Jenkins pipeline example

For teams running Jenkins, use a Declarative Pipeline or Multibranch pipeline. The following Jenkinsfile runs the same flow: build, run RocqStat in Docker, compare with baseline taken from main branch, and post a PR comment using the GitHub CLI (gh).

// Jenkinsfile
pipeline {
  agent any
  environment {
    GITHUB_TOKEN = credentials('github-token')
    THRESHOLD_PCT = '10'
    THRESHOLD_MS = '0.5'
  }
  stages {
    stage('Checkout') {
      steps {
        checkout scm
      }
    }
    stage('Build') {
      steps {
        sh './scripts/build.sh --target=stm32 --release'
      }
    }
    stage('RocqStat Analysis') {
      steps {
        sh 'docker run --rm -v $WORKSPACE:$WORKSPACE -w $WORKSPACE rocqstat/cli:latest rcstat analyze --input build/firmware.elf --output reports/rocqstat.json --html reports/rocqstat.html'
        archiveArtifacts artifacts: 'reports/rocqstat.html, reports/rocqstat.json', fingerprint: true
      }
    }
    stage('Baseline & Compare') {
      steps {
        // get baseline by checking out main into a temp dir
        sh 'git clone --single-branch --branch main ${GIT_URL} main_build'
        sh 'pushd main_build && ./scripts/build.sh --target=stm32 --release && popd'
        sh 'docker run --rm -v $WORKSPACE:$WORKSPACE -w $WORKSPACE rocqstat/cli:latest rcstat analyze --input main_build/build/firmware.elf --output reports/rocqstat_baseline.json'
        sh 'python3 tools/compare_wcet.py --current reports/rocqstat.json --baseline reports/rocqstat_baseline.json --pct-threshold $THRESHOLD_PCT --ms-threshold $THRESHOLD_MS'
      }
    }
  }
  post {
    failure {
      script {
        sh "gh auth login --with-token <<<\"${GITHUB_TOKEN}\""
        def body = sh(script: "python3 tools/compact_pr_comment.py reports/rocqstat.json reports/rocqstat_baseline.json", returnStdout: true).trim()
        sh "gh pr comment ${env.CHANGE_ID} --body \"${body}\""
      }
    }
    success {
      archiveArtifacts artifacts: 'reports/rocqstat.html', fingerprint: true
    }
  }
}

Posting check results

Jenkins plugins exist to create GitHub checks and status contexts. If you prefer not to use the GitHub CLI, install the GitHub Checks Plugin or use the GitHub Pull Request Builder to set PR statuses. Key is to provide both machine-readable status (check) and human summary (comment or HTML report link).
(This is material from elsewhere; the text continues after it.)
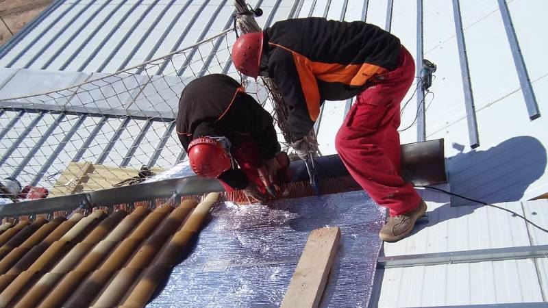 העבודה בוצעה על גג San Bodega בנוי מתכת ורעפים. צוות ההתקנה השתמש בשכבת בידוד רפלקטיבית מבית פולינום ופרס אותה בהתאם לצורת הגג ולשיפועים הקיימים. לאחר ההתאמות הנדרשות סביב נקודות החיבור והקצה, הוחזרו הרעפים ובוצעה בדיקה לוודא כיסוי אחיד ומסודר. פתרון זה הוא דוגמה ליישום בשטח של פתרונות בידוד תרמי לגגות מבית פולינום.

VectorCAST integration strategy

Vector's acquisition of RocqStat opens a path to built-in timing analysis for teams already using VectorCAST. In 2026 you have two pragmatic options:

• Short term: Continue using the RocqStat CLI integrated into CI as shown above. This gives immediate automation benefits without waiting for full VectorCAST integration.
• Medium term: Migrate to VectorCAST with RocqStat plugin once integrated — this will centralize test, coverage, and timing analysis in a single toolchain and produce vendor-supported artifacts for certification.

Typical VectorCAST CI flows will look similar: use the VectorCAST automation CLI to run unit/integration tests, trigger the RocqStat timing pass, collect the resulting timing report, and perform the same baseline comparison logic. Consult your VectorCAST + RocqStat documentation for exact CLI flags and the canonical JSON output format.

Handling non-determinism and flaky timing

Timing measurements are inherently noisy. Here are actionable steps to reduce noise and avoid false positives:

• Warm-up runs: Run multiple warm-up iterations and ignore outliers using interquartile range trimming.
• Statistical WCET: Use RocqStat's statistical methods (confidence intervals, quantiles) and evaluate p99/p99.999 rather than raw max.
• Controlled environment: Run on reserved bench hardware or pinned CI runners with real-time priorities if possible; consider portable power and reliable bench setups if you orchestrate physical testbeds.
• Delta windows: Only enforce small delta thresholds on hot code paths and use larger windows for less critical subsystems.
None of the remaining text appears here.